Во время «застоя» у советской интеллигенции было в ходу понятие «внутренней свободы», «тайной свободы», провозглашенной Пушкиным в ряде стихотворений, в том числе «Из Пиндемонти» («Не дорого ценю я громкие права...»). Собственно, никакой другой свободы, кроме внутренней, не оставалось в стране, где правителей нельзя было выбирать и за пределы которой нельзя было выехать.
Между тем стоит вспомнить, что сам Пушкин все время рвался за границу. Из кишинёвской ссылки хотел бежать в Грецию; в Одессе пытался сторговаться с контрабандистами; в Михайловском заказал парик, чтобы тайно выехать через Польшу в Германию под видом слуги своего приятеля. На Кавказ отправился для того, чтобы вызнать, нельзя ли оттуда перебраться в Турцию. 7 января 1830 года обратился с письмом к Бенкендорфу <...>
Пушкину почти все равно куда, на Запад или на Восток, лишь бы вырваться с родины, но на все запросы ему отвечали отказом. Он не понимает Вяземского, который, имея возможность отъезда, не пользуется ею немедленно, сейчас же <...>
И вот, выстрадав опыт раба, замыслившего несбыточный побег, в стихотворении 1836 г. Пушкин смиряется и оправдывает эту горькую участь высшей, духовной необходимостью. Он не просто разделяет две свободы, внешнюю и внутреннюю, но и решительно противопоставляет одну другой. Политическая свобода: право голосовать, определять судьбу государства, мешать царям творить произвол, ограничивать цензуру и налогообложение... Все это для Пушкина лишено ценности и значения.
Что же превозносит поэт?
Иные, лучшие, мне дороги права;
Конечно, это не свобода вкушать салат оливье — другой масштаб запросов. И все-таки поразительно, что, войдя в возраст духовной зрелости, поэт не понимает взаимосвязи двух свобод, даже несмотря на собственный «невыездной» опыт. Если он не может воздействовать на произвол царей и мешать им воевать, то ровно по той же причине ему не дозволено скитаться здесь и там. Та же самая власть, которая ограничивает его в политических правах, ограничивает и свободу передвижения, право распоряжаться своей жизнью.
Иная, лучшая, потребна мне свобода...
...Никому
Отчета не давать, себе лишь самому
Служить и угождать; для власти, для ливреи
Не гнуть ни совести, ни помыслов, ни шеи;
По прихоти своей скитаться здесь и там
Дивясь божественным природы красотам...
Как ни удивительно, Пушкин заявляет даже о своем равнодушии к цензурным запретам, т.е. к самому вопиющему нарушению того права, к которому он, как свободный художник, призван быть особенно чуток: к праву на свободу слова.
И мало горя мне, свободно ли печать
Сам выбор снижающих эпитетов для тех, кому нужна свобода печати (авторы — «балагуры», читатели — «олухи»), демонстрирует пушкинское презрение к ней.

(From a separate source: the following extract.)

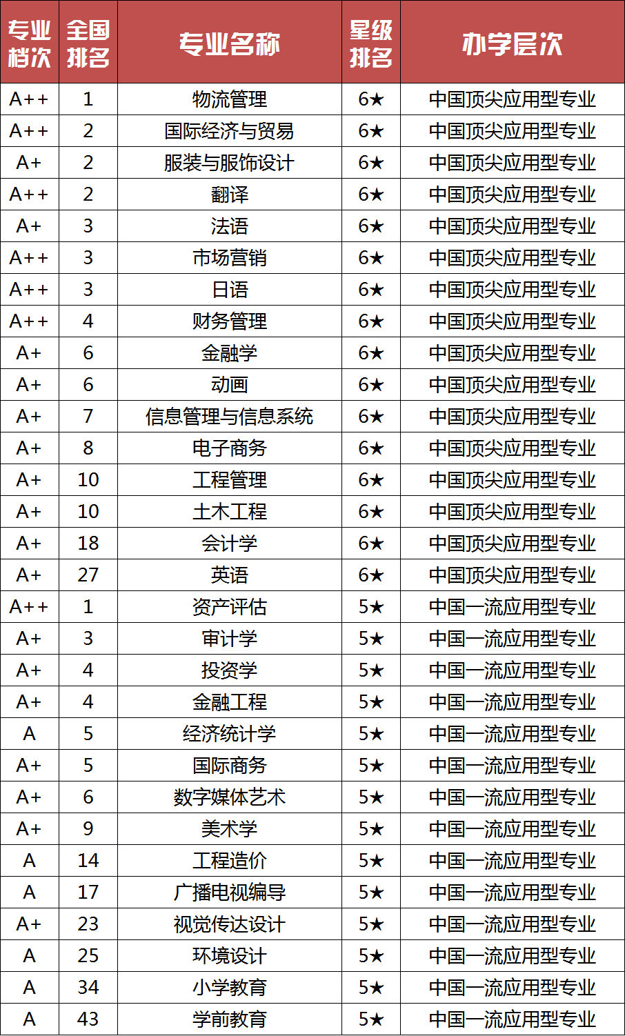 我校物流管理、国际经济与贸易、服装与服饰设计、翻译、法语、市场营销、日语、财务管理、金融学、动画、信息管理与信息系统、电子商务、工程管理、土木工程、会计学、英语等16个专业入选中国顶尖应用型专业,资产评估、审计学、投资学、金融工程、经济统计学、国际商务、数字媒体艺术、美术学、工程造价、广播电视编导、视觉传达设计、环境设计、小学教育、学前教育等14个专业入选中国一流应用型专业。物流管理、资产评估、智能建造3个专业在中国大学专业排名(应用型)中均位列第一。

Между тем, уже начиная с заглавия этого стихотворения очевидно, насколько сам Пушкин не свободен: он вынужден даже отказаться от своего авторства, приписав его малоизвестному итальянскому поэту Ипполито Пиндемонте. Поначалу Пушкин поставил другое обманное заглавие «Из Alfred Musset», но решил, что даже это опасно, поскольку Мюссе имел славу свободолюбца. Пушкин лишает себя права говорить то, что думает, растаптывает сам источник своего вдохновения, — и при этом настаивает, что это и есть подлинная, «лучшая» свобода.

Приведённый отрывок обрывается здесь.